[Opening Data listing section]

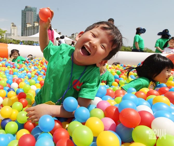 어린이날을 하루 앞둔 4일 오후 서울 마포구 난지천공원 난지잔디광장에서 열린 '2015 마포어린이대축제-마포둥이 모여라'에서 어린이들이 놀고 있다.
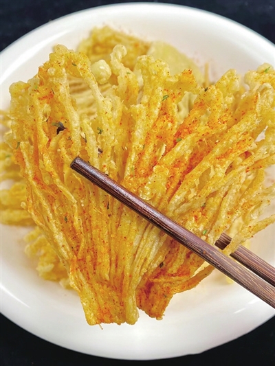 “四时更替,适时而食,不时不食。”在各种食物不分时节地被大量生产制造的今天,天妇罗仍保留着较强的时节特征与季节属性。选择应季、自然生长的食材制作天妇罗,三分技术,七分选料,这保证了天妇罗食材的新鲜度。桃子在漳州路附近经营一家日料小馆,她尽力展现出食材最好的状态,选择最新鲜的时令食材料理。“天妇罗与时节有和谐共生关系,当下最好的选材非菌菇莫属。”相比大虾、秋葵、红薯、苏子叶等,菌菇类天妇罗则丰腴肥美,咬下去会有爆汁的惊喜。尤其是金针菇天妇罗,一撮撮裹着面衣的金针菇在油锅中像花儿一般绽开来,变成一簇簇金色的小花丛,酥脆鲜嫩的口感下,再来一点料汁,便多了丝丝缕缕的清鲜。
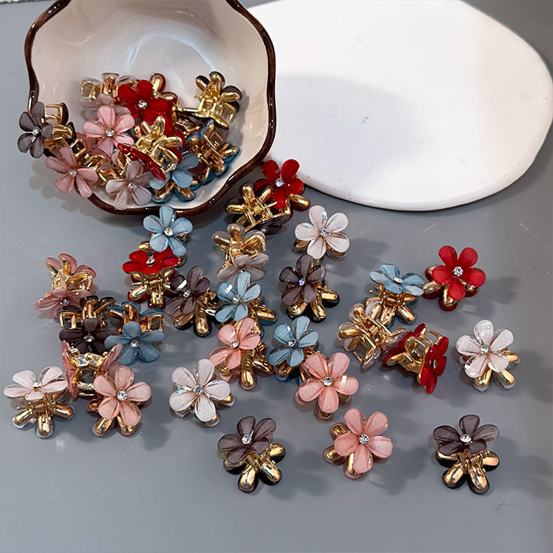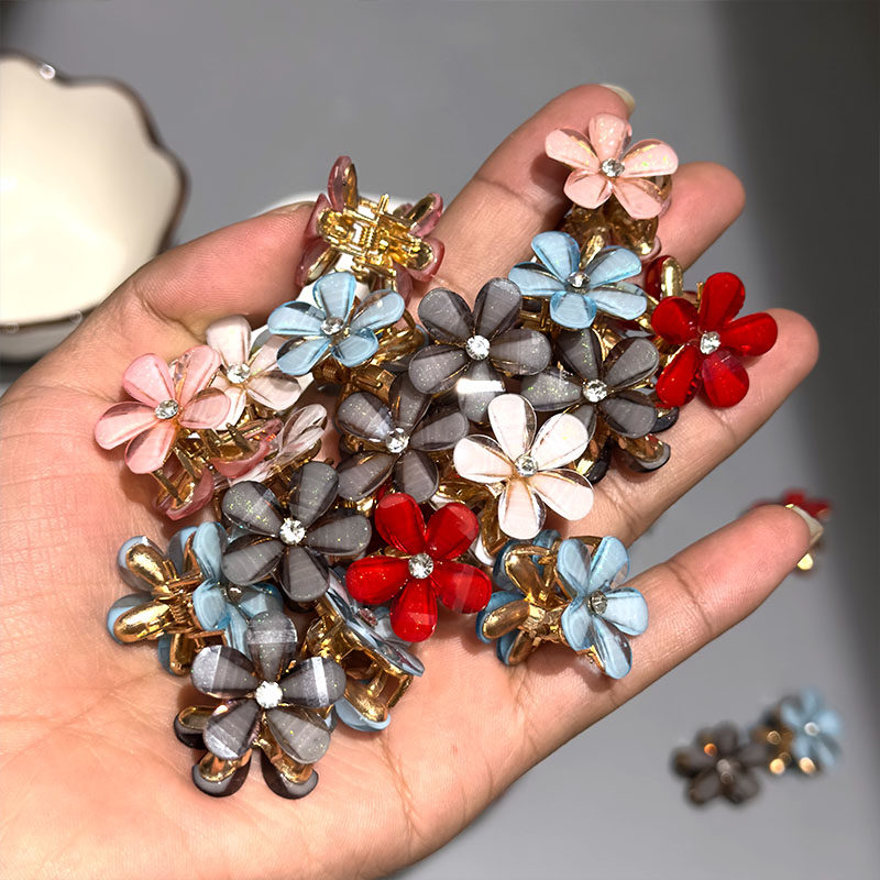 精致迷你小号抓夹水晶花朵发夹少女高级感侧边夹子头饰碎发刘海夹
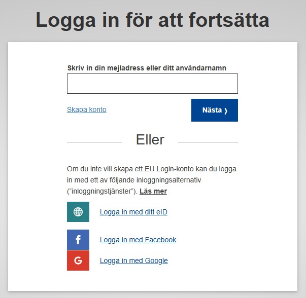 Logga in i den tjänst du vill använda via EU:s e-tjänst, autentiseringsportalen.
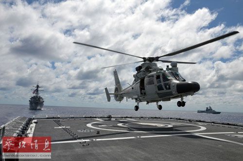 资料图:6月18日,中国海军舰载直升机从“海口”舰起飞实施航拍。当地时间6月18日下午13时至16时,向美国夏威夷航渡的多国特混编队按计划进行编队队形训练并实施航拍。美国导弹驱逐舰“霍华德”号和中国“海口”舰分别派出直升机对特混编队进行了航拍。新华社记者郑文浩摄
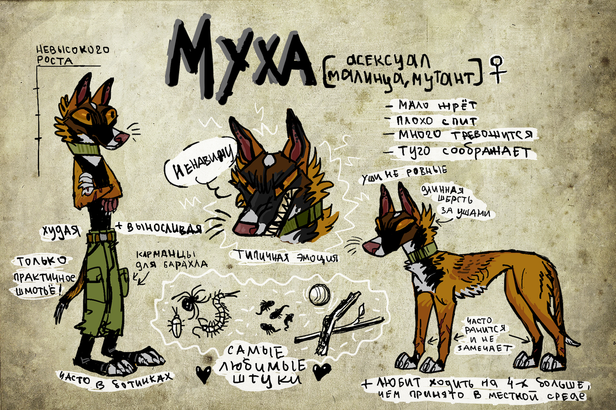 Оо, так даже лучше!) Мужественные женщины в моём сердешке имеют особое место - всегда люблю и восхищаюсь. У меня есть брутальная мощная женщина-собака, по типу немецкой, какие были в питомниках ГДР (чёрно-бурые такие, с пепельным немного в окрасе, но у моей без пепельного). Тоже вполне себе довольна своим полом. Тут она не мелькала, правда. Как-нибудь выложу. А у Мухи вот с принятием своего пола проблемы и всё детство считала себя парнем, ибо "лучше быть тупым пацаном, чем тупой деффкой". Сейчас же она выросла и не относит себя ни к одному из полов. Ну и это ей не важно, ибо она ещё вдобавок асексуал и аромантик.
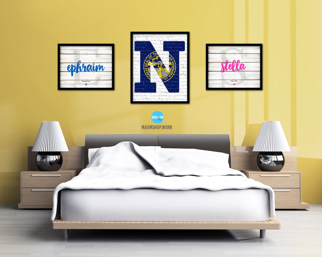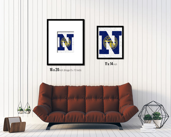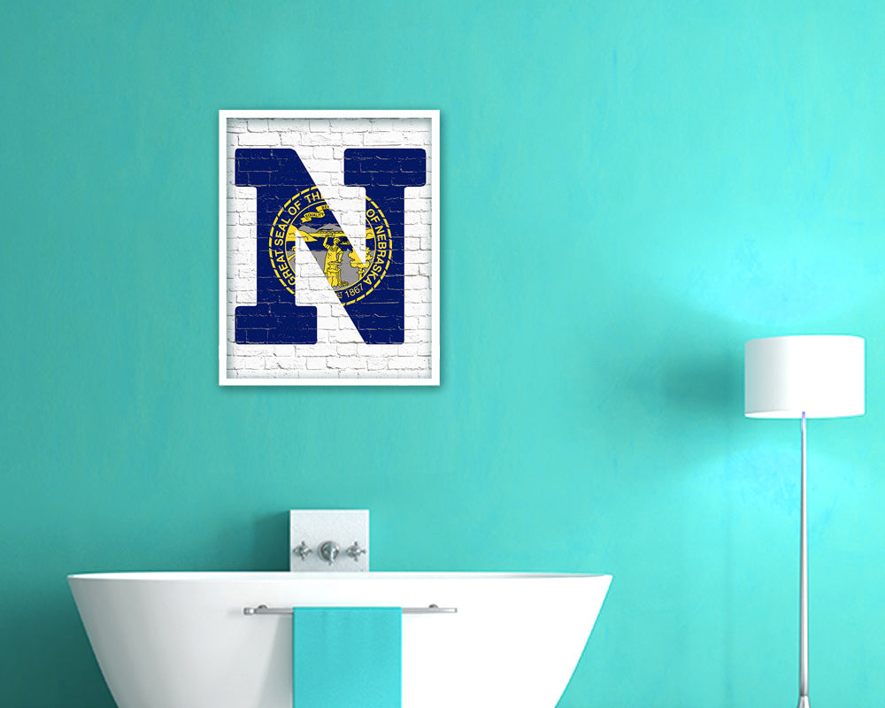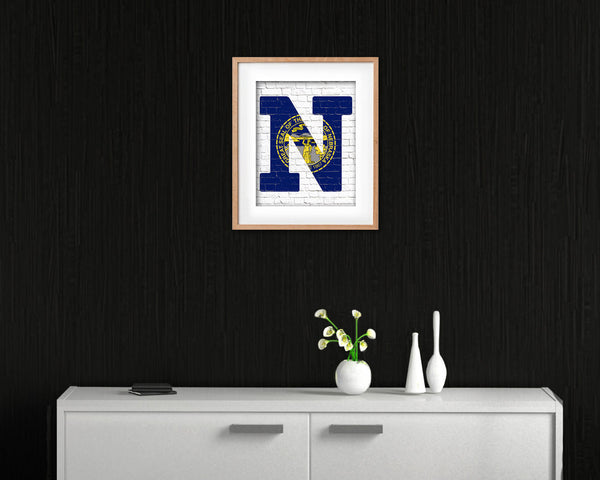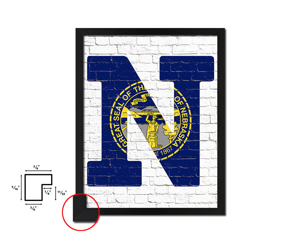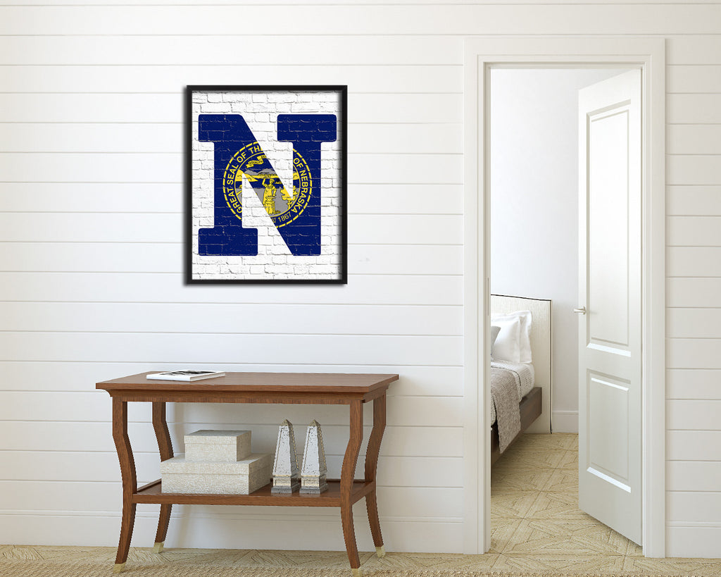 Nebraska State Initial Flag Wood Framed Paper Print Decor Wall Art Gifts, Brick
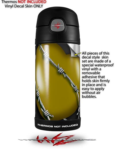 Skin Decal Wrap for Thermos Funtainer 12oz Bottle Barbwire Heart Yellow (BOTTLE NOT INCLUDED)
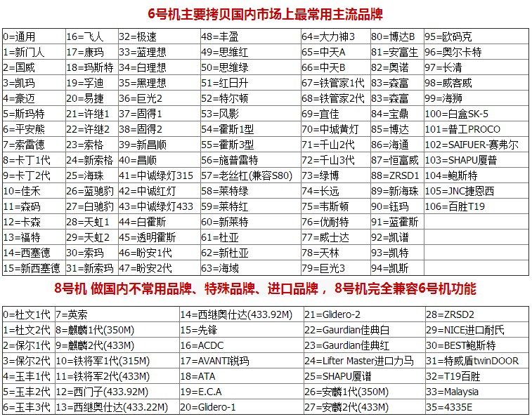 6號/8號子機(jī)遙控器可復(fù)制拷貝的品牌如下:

[Closing Data listing section]

▶ _Work instruction_
Write out, exactly and with no pictures, the lines of the data from the first through the line containing "Оо, так даже".

▶ _Your response_
 어린이날을 하루 앞둔 4일 오후 서울 마포구 난지천공원 난지잔디광장에서 열린 '2015 마포어린이대축제-마포둥이 모여라'에서 어린이들이 놀고 있다.
 “四时更替,适时而食,不时不食。”在各种食物不分时节地被大量生产制造的今天,天妇罗仍保留着较强的时节特征与季节属性。选择应季、自然生长的食材制作天妇罗,三分技术,七分选料,这保证了天妇罗食材的新鲜度。桃子在漳州路附近经营一家日料小馆,她尽力展现出食材最好的状态,选择最新鲜的时令食材料理。“天妇罗与时节有和谐共生关系,当下最好的选材非菌菇莫属。”相比大虾、秋葵、红薯、苏子叶等,菌菇类天妇罗则丰腴肥美,咬下去会有爆汁的惊喜。尤其是金针菇天妇罗,一撮撮裹着面衣的金针菇在油锅中像花儿一般绽开来,变成一簇簇金色的小花丛,酥脆鲜嫩的口感下,再来一点料汁,便多了丝丝缕缕的清鲜。
 精致迷你小号抓夹水晶花朵发夹少女高级感侧边夹子头饰碎发刘海夹
 Logga in i den tjänst du vill använda via EU:s e-tjänst, autentiseringsportalen.
 资料图:6月18日,中国海军舰载直升机从“海口”舰起飞实施航拍。当地时间6月18日下午13时至16时,向美国夏威夷航渡的多国特混编队按计划进行编队队形训练并实施航拍。美国导弹驱逐舰“霍华德”号和中国“海口”舰分别派出直升机对特混编队进行了航拍。新华社记者郑文浩摄
 Оо, так даже лучше!) Мужественные женщины в моём сердешке имеют особое место - всегда люблю и восхищаюсь. У меня есть брутальная мощная женщина-собака, по типу немецкой, какие были в питомниках ГДР (чёрно-бурые такие, с пепельным немного в окрасе, но у моей без пепельного). Тоже вполне себе довольна своим полом. Тут она не мелькала, правда. Как-нибудь выложу. А у Мухи вот с принятием своего пола проблемы и всё детство считала себя парнем, ибо "лучше быть тупым пацаном, чем тупой деффкой". Сейчас же она выросла и не относит себя ни к одному из полов. Ну и это ей не важно, ибо она ещё вдобавок асексуал и аромантик.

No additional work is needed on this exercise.